• Exercise objective: When you reach the line containing "o 67% say crime", start transcribing exactly and continue through the last line of the data, skipping every picture.

• Data extract:
====================

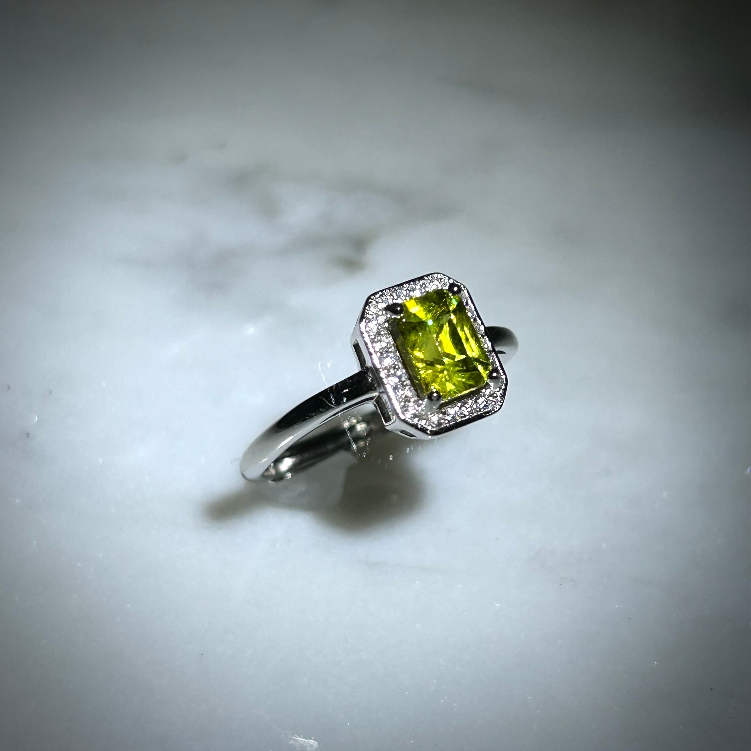 シルバー製 スフェーン レクタングルリング 7月誕生石 フリーサイズ
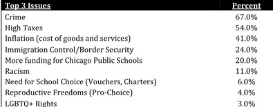 o 67% say crime is Chicago’s biggest issue, outpacing high taxes (54%) and inflation (41%).
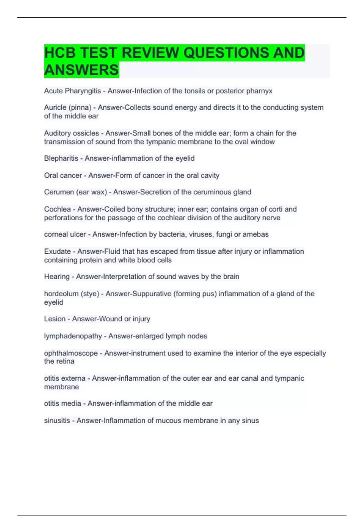 HCB TEST REVIEW QUESTIONS AND ANSWERS
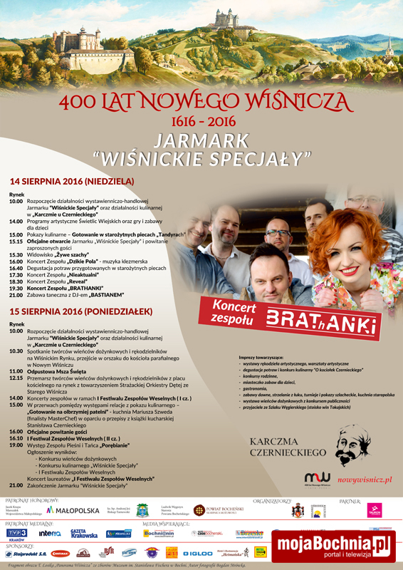W dniach 14-15 sierpnia, w ramach obchodów 400-lecia lokacji Nowego Wiśnicza odbędzie się Jarmark "Wiśnickie Specjały". Jako gwiazda, 14 sierpnia wystąpi zespół BRAThANKI.

====================

• Task response:
 o 67% say crime is Chicago’s biggest issue, outpacing high taxes (54%) and inflation (41%).
 HCB TEST REVIEW QUESTIONS AND ANSWERS
W dniach 14-15 sierpnia, w ramach obchodów 400-lecia lokacji Nowego Wiśnicza odbędzie się Jarmark "Wiśnickie Specjały". Jako gwiazda, 14 sierpnia wystąpi zespół BRAThANKI.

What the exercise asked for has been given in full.